Collection entries:
****************

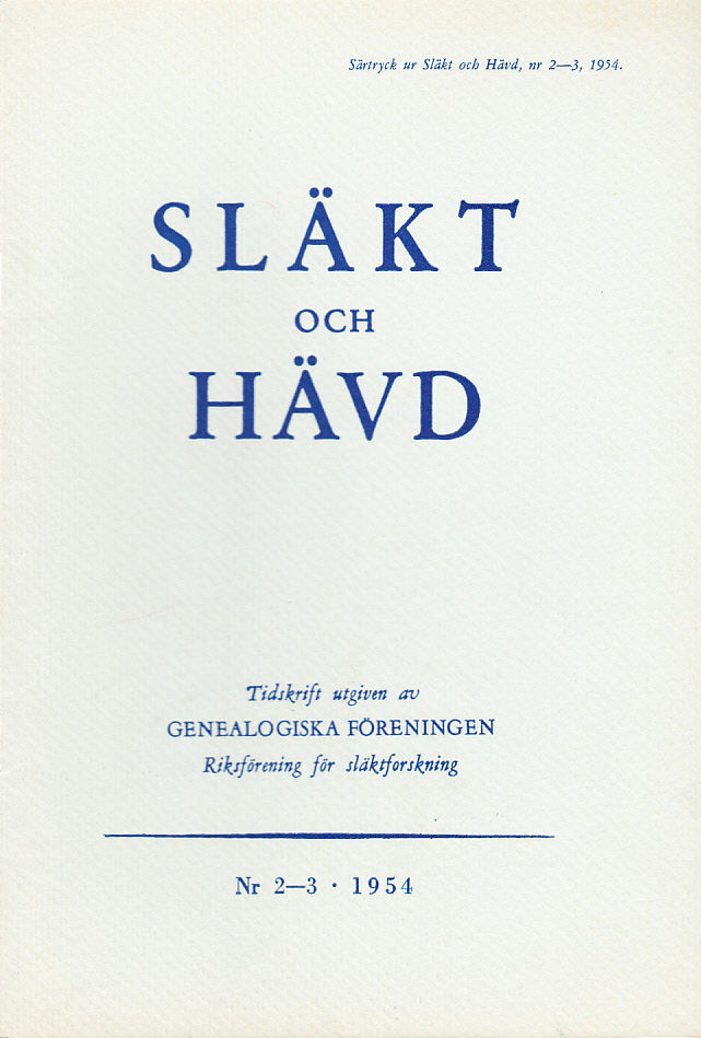 Särtryck ur ‘Släkt och hävd 1954:2-3’.
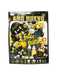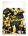 El set incluye globos en tonos negro, plateado y dorado, además de figuras decorativas y globos metálicos
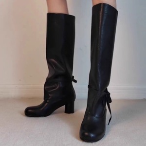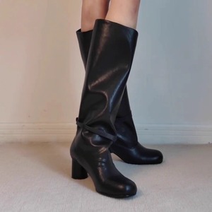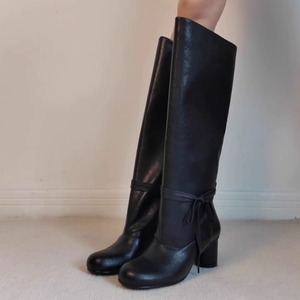 羊皮版~2025新款法式小众圆头高筒粗跟显瘦长筒绑带显瘦时装靴女
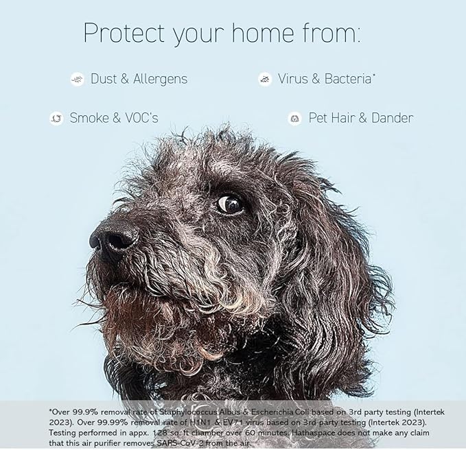 HATHASPACE HSE600 True HEPA Air Purifier for Home, Removes 99.9% of Dust, Smoke, Pet Dander, Odors, VOCs, Covers Up to 600 Sq. Ft, Quiet Air Cleaner with Smart Sensor for Bedroom & Large Rooms
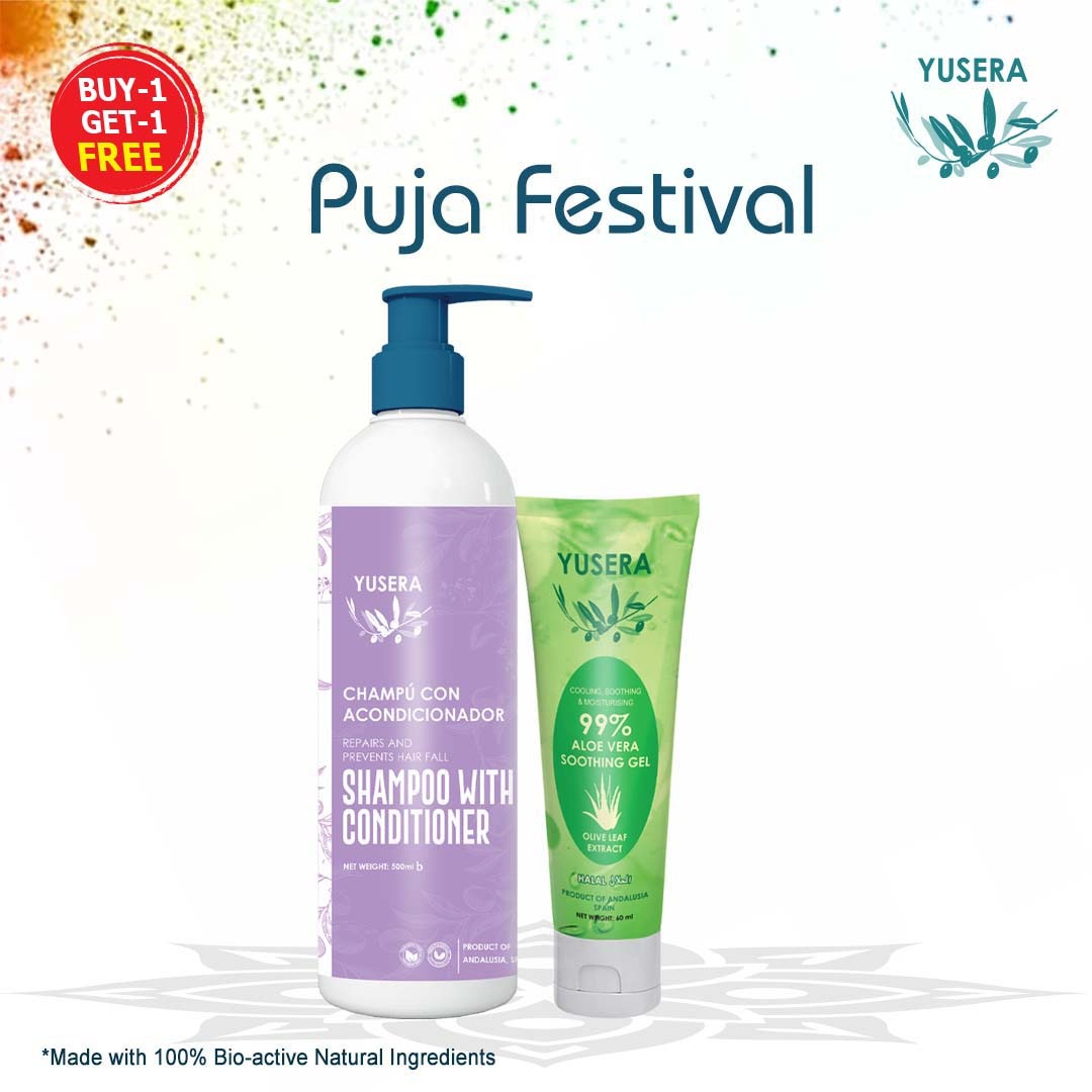 Yusera Hair & Skin Nourish Combo – Shampoo With Conditioner 500ml + 99% Aloe Vera Soothing Gel 60ml

****************

- **Task brief**
One exact copy of the data, no pictures: write it out line for line.

- **Reply to the exercise**
 Särtryck ur ‘Släkt och hävd 1954:2-3’.
 El set incluye globos en tonos negro, plateado y dorado, además de figuras decorativas y globos metálicos
 羊皮版~2025新款法式小众圆头高筒粗跟显瘦长筒绑带显瘦时装靴女
 HATHASPACE HSE600 True HEPA Air Purifier for Home, Removes 99.9% of Dust, Smoke, Pet Dander, Odors, VOCs, Covers Up to 600 Sq. Ft, Quiet Air Cleaner with Smart Sensor for Bedroom & Large Rooms
 Yusera Hair & Skin Nourish Combo – Shampoo With Conditioner 500ml + 99% Aloe Vera Soothing Gel 60ml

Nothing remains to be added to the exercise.